With 'Seven Prepared Pianos for the Seven African Powers', the multi-hyphenate collective transforms MoMA PS1 into a site for spiritual communion.

By Isabel Ling

September 20, 2023

Standing on the Corner: Bembé Secreto, performed at MoMA PS1 on June 3, 2023. Image courtesy MoMA PS1, photo by Marissa Alper.


“I’m trying to return the piano back to its most original form, which is a drum,” Gio Escobar, the frontman of New York City art ensemble Standing on the Corner, tells me in a recent interview.


In the group’s first museum presentation Seven Prepared Pianos for the Seven African Powers, organized by curator Ruba Katrib and on view at MoMA PS1, the piano is transformed into a site for spiritual communion. 

The exhibition centers seven different piano models, each selected for how their physical make-up and acoustic characteristics compliment the distinct personalities of the seven deities they represent. Placed in a circle, the installation is activated through a performance titled Bembé Secreto, which recontextualizes the percussive instrument as a decolonial vessel. “In a way, we are trying to destroy this Eurocentric image of the piano,” adds Escobar.
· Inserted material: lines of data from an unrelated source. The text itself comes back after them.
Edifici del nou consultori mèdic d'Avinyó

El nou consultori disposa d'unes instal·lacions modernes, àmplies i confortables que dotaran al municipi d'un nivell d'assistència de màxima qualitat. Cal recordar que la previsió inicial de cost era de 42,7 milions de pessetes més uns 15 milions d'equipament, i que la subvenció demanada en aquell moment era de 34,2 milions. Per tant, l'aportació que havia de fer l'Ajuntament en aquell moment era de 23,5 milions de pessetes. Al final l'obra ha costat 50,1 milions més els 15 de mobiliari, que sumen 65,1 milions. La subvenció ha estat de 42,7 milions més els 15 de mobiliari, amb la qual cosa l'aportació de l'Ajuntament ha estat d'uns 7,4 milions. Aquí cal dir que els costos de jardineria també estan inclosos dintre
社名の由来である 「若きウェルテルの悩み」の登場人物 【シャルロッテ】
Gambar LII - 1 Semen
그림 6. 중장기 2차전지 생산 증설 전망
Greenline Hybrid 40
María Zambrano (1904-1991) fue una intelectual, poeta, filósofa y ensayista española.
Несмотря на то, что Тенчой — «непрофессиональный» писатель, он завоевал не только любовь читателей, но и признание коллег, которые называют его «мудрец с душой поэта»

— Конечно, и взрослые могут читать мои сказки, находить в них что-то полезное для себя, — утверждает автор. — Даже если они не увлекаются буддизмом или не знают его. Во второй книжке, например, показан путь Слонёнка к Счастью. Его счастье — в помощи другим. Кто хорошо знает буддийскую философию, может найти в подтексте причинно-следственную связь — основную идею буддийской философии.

As an ensemble, Standing on the Corner is amorphous, shifting in membership according to each artistic undertaking. For Seven Prepared Pianos, collaborators included Escobar, Aya Brown, Carly Heywood, Christian Martir, Kat Tom, and Aja Grant. The performance consists of five concert pianists scouted by the collective, as well as Escobar himself playing individually prepared pianos, each composition a sonic offering dedicated to a different African power. The music, a melding of African, Caribbean, and Western musical and spiritual traditions spirals upwards and outwards. Punctuated by the altered instruments’ plinking and metallic vibrations, the performance is an aural narrative unfolding, an invitation into a dizzying encounter with the divine. 
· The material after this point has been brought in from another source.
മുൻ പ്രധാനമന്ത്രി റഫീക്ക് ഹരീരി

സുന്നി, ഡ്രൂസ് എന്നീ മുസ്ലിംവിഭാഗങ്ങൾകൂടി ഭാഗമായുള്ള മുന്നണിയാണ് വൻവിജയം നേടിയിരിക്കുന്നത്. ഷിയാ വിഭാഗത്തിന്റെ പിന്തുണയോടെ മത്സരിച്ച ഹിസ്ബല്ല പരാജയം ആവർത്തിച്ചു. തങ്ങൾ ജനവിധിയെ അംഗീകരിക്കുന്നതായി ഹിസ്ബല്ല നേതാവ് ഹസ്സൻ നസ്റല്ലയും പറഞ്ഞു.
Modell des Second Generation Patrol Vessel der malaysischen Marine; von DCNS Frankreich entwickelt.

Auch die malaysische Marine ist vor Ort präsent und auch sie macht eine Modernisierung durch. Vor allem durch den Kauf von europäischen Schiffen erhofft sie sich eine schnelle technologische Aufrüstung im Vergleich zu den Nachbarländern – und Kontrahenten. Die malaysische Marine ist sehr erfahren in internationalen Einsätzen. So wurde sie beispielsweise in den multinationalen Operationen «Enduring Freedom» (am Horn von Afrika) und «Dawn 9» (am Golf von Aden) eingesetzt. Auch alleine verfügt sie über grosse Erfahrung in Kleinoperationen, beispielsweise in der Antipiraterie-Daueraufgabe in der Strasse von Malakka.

Standing on the Corner, Installation view of Seven Prepared Pianos for the Seven African Powers, MoMA PS1, New York, 2023, image courtesy MoMA, photo by Marissa Alper.

The invention of the prepared piano is often traced to composer John Cage, who is said to have pioneered the manipulation of piano strings with object interventions out of a desire to “place in the hands of a single pianist the equivalent of an entire percussion orchestra” In Seven Prepared Pianos, Cage’s deconstructivist approach is reconfigured into ritualistic rite. Offerings that range from a small forest of miniature model trees to silver, aquatic-themed trinkets are carefully wedged between piano strings alongside the typical bolts and screws to achieve the composition’s sonic textures. Cameras installed in the body of each piano capture a live video feed of the interventions, with Escobar’s disembodied, white-gloved hands occasionally appearing in the frame to adjust the positioning of the objects. Where previously, Standing on the Corner has employed video in installations as a commentary on the surveillance of Black and Brown communities, here it is used as a medium for holy intercession. “I didn’t want people to actually look inside the pianos. It’s like that myth with the lady with the snakes… Medusa? You should never look a god in the face,” Escobar quips.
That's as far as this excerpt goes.